**WHAT IS EXPECTED:** Give back the listing in full and exactly, leaving out the images.

**EXTRACTED RECORDS:**
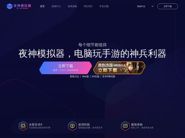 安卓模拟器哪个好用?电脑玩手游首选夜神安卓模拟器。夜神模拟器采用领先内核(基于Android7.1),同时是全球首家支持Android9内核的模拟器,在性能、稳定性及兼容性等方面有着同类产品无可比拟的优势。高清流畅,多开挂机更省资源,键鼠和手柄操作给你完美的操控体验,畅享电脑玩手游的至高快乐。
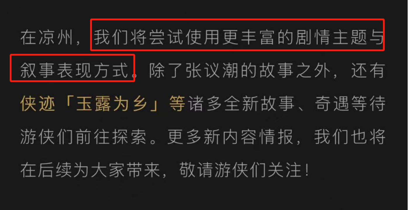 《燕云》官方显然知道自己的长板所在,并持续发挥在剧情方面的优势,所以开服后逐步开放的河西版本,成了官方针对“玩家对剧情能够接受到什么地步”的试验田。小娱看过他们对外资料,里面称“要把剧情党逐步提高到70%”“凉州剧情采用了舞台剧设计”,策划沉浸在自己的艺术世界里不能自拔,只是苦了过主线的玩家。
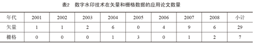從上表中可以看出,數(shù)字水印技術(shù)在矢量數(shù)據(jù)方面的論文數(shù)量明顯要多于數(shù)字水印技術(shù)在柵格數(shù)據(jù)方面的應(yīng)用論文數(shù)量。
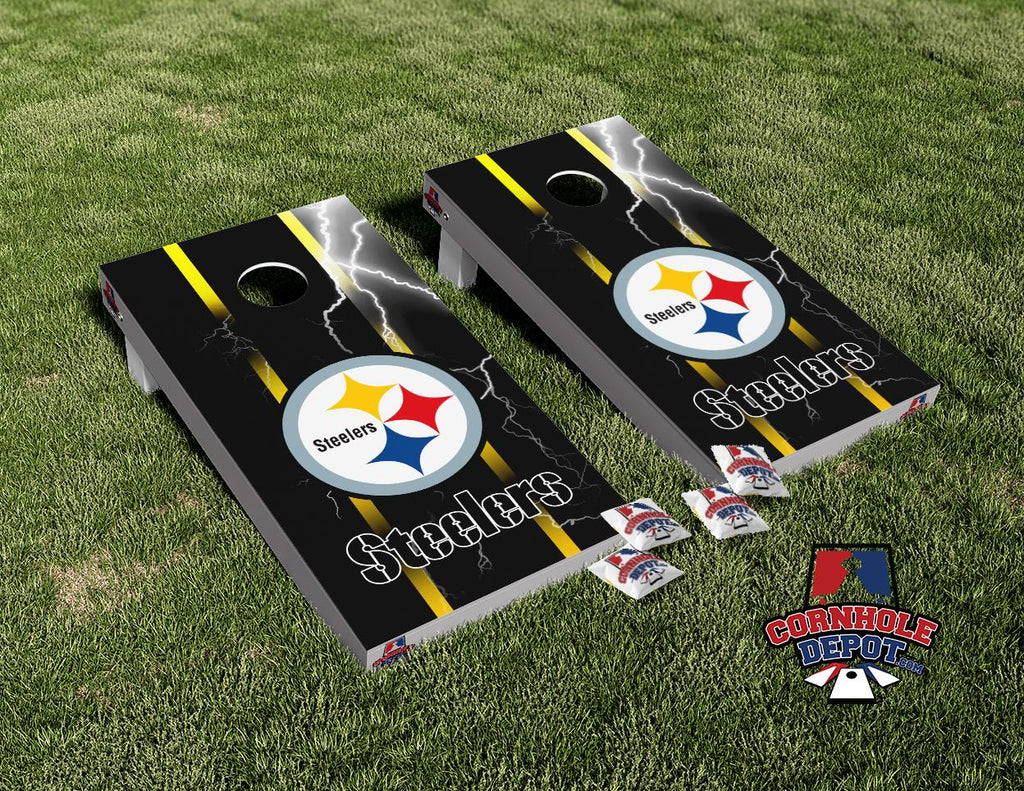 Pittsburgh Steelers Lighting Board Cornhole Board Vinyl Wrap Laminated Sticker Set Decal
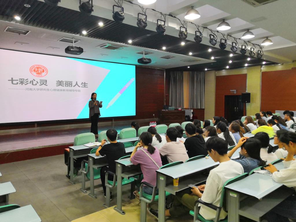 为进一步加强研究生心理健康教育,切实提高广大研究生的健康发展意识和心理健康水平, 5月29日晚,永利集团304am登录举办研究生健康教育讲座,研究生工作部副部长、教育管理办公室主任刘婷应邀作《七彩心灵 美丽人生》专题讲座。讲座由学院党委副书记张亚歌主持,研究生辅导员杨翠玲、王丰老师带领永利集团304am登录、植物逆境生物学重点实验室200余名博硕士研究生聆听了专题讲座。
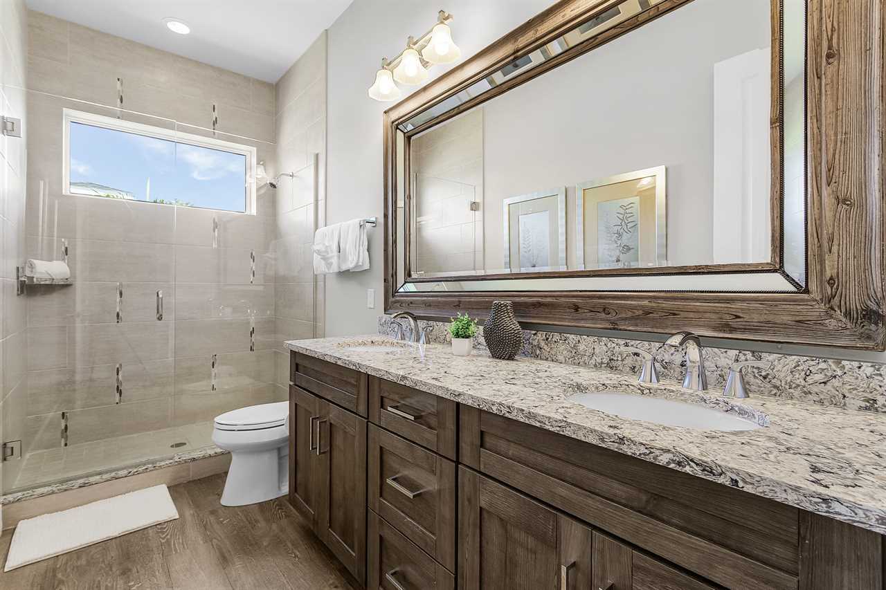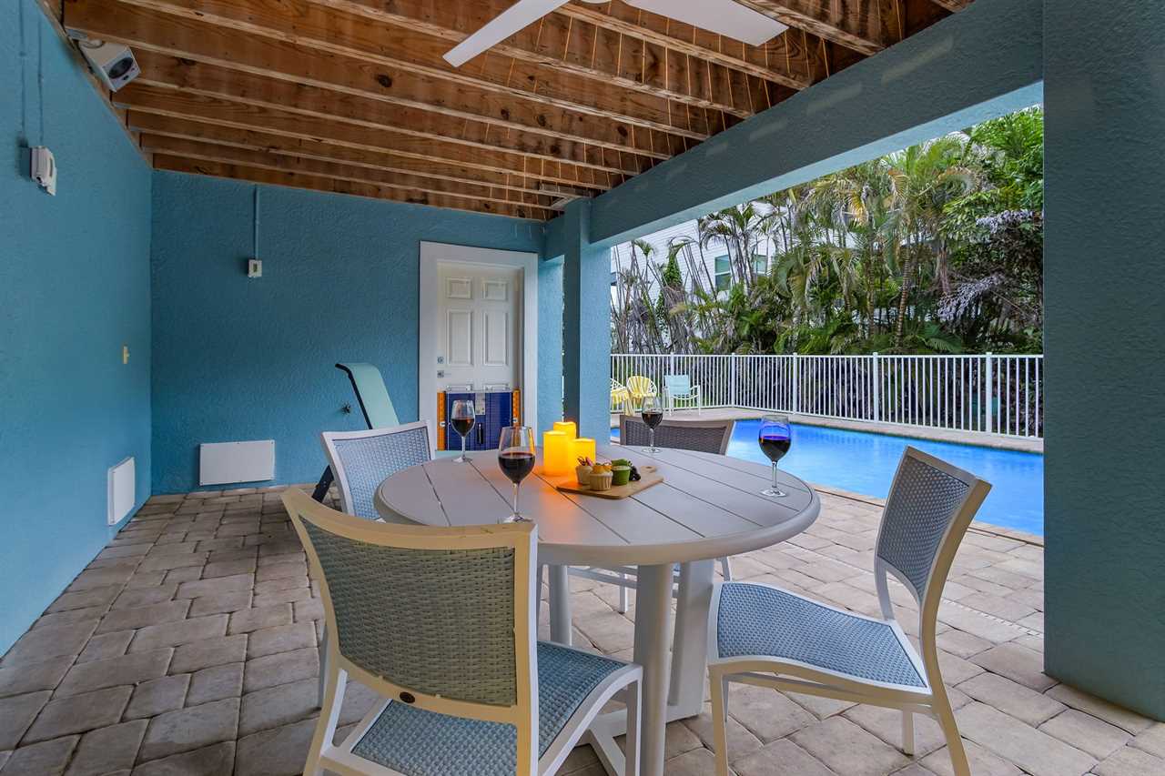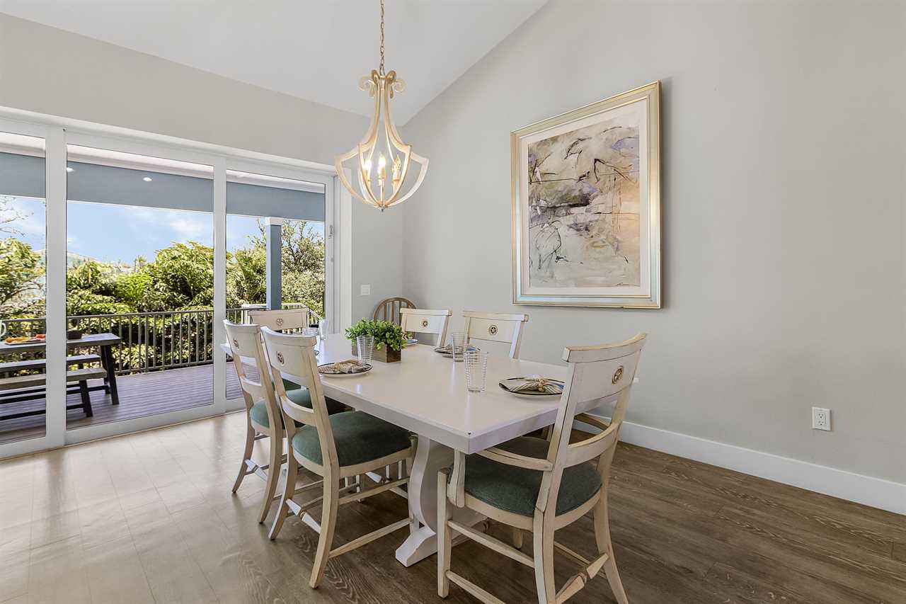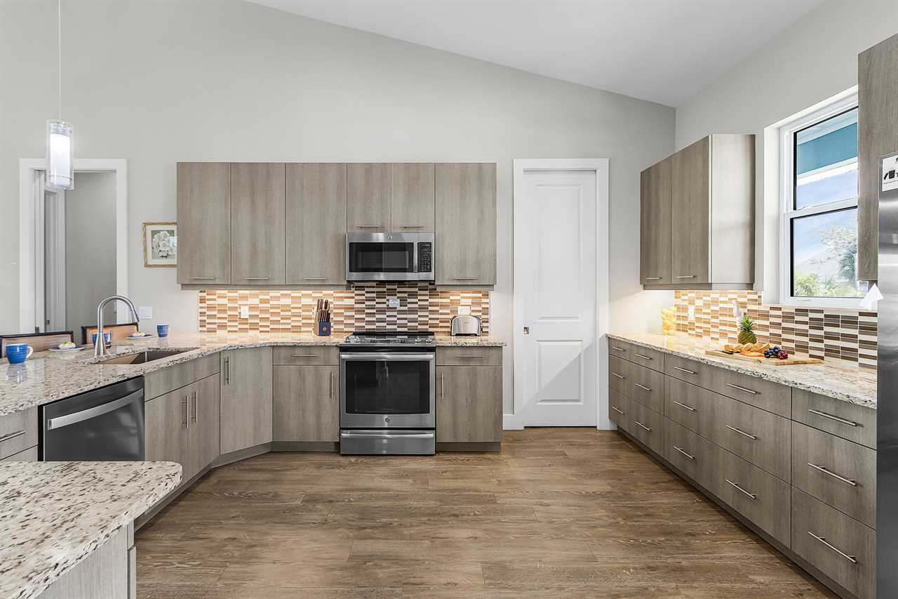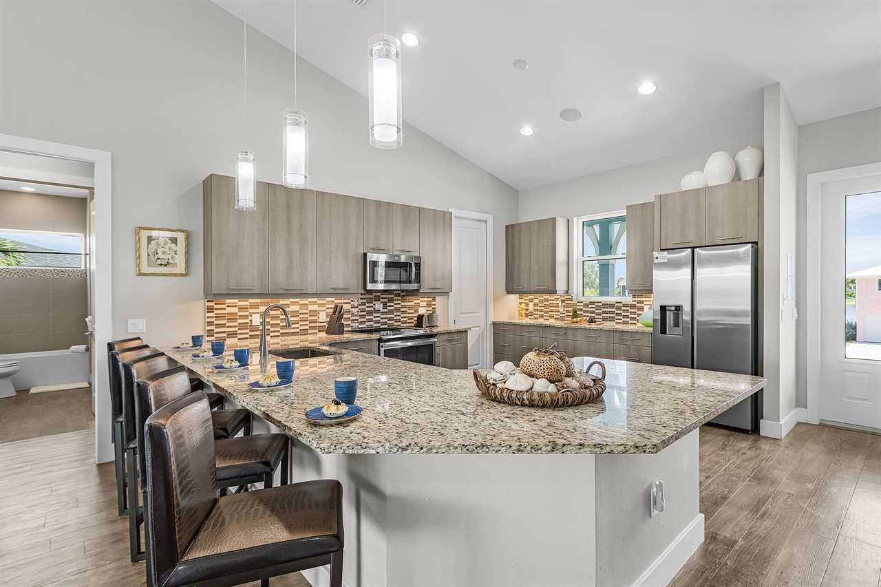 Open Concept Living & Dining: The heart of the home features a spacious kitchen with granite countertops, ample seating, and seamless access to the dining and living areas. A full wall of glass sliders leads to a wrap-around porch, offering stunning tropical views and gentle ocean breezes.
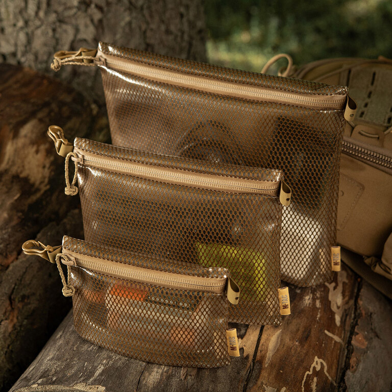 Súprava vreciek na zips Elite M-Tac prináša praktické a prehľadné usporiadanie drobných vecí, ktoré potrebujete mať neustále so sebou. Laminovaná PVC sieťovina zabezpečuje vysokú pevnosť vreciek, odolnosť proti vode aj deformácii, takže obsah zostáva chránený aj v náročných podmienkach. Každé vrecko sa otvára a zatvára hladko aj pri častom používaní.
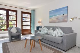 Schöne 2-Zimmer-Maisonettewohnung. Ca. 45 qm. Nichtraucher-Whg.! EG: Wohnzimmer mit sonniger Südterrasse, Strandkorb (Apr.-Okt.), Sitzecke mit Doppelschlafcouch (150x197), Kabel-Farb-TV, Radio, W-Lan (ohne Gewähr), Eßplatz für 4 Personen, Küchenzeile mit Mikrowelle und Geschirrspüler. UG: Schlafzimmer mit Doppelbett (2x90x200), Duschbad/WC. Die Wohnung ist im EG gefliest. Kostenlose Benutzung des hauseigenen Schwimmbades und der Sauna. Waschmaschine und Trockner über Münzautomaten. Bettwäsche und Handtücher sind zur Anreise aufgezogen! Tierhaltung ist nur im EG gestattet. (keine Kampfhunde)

**WRITTEN REPLY:**
 安卓模拟器哪个好用?电脑玩手游首选夜神安卓模拟器。夜神模拟器采用领先内核(基于Android7.1),同时是全球首家支持Android9内核的模拟器,在性能、稳定性及兼容性等方面有着同类产品无可比拟的优势。高清流畅,多开挂机更省资源,键鼠和手柄操作给你完美的操控体验,畅享电脑玩手游的至高快乐。
 《燕云》官方显然知道自己的长板所在,并持续发挥在剧情方面的优势,所以开服后逐步开放的河西版本,成了官方针对“玩家对剧情能够接受到什么地步”的试验田。小娱看过他们对外资料,里面称“要把剧情党逐步提高到70%”“凉州剧情采用了舞台剧设计”,策划沉浸在自己的艺术世界里不能自拔,只是苦了过主线的玩家。
從上表中可以看出,數(shù)字水印技術(shù)在矢量數(shù)據(jù)方面的論文數(shù)量明顯要多于數(shù)字水印技術(shù)在柵格數(shù)據(jù)方面的應(yīng)用論文數(shù)量。
 Pittsburgh Steelers Lighting Board Cornhole Board Vinyl Wrap Laminated Sticker Set Decal
 为进一步加强研究生心理健康教育,切实提高广大研究生的健康发展意识和心理健康水平, 5月29日晚,永利集团304am登录举办研究生健康教育讲座,研究生工作部副部长、教育管理办公室主任刘婷应邀作《七彩心灵 美丽人生》专题讲座。讲座由学院党委副书记张亚歌主持,研究生辅导员杨翠玲、王丰老师带领永利集团304am登录、植物逆境生物学重点实验室200余名博硕士研究生聆听了专题讲座。
 Open Concept Living & Dining: The heart of the home features a spacious kitchen with granite countertops, ample seating, and seamless access to the dining and living areas. A full wall of glass sliders leads to a wrap-around porch, offering stunning tropical views and gentle ocean breezes.
 Súprava vreciek na zips Elite M-Tac prináša praktické a prehľadné usporiadanie drobných vecí, ktoré potrebujete mať neustále so sebou. Laminovaná PVC sieťovina zabezpečuje vysokú pevnosť vreciek, odolnosť proti vode aj deformácii, takže obsah zostáva chránený aj v náročných podmienkach. Každé vrecko sa otvára a zatvára hladko aj pri častom používaní.
 Schöne 2-Zimmer-Maisonettewohnung. Ca. 45 qm. Nichtraucher-Whg.! EG: Wohnzimmer mit sonniger Südterrasse, Strandkorb (Apr.-Okt.), Sitzecke mit Doppelschlafcouch (150x197), Kabel-Farb-TV, Radio, W-Lan (ohne Gewähr), Eßplatz für 4 Personen, Küchenzeile mit Mikrowelle und Geschirrspüler. UG: Schlafzimmer mit Doppelbett (2x90x200), Duschbad/WC. Die Wohnung ist im EG gefliest. Kostenlose Benutzung des hauseigenen Schwimmbades und der Sauna. Waschmaschine und Trockner über Münzautomaten. Bettwäsche und Handtücher sind zur Anreise aufgezogen! Tierhaltung ist nur im EG gestattet. (keine Kampfhunde)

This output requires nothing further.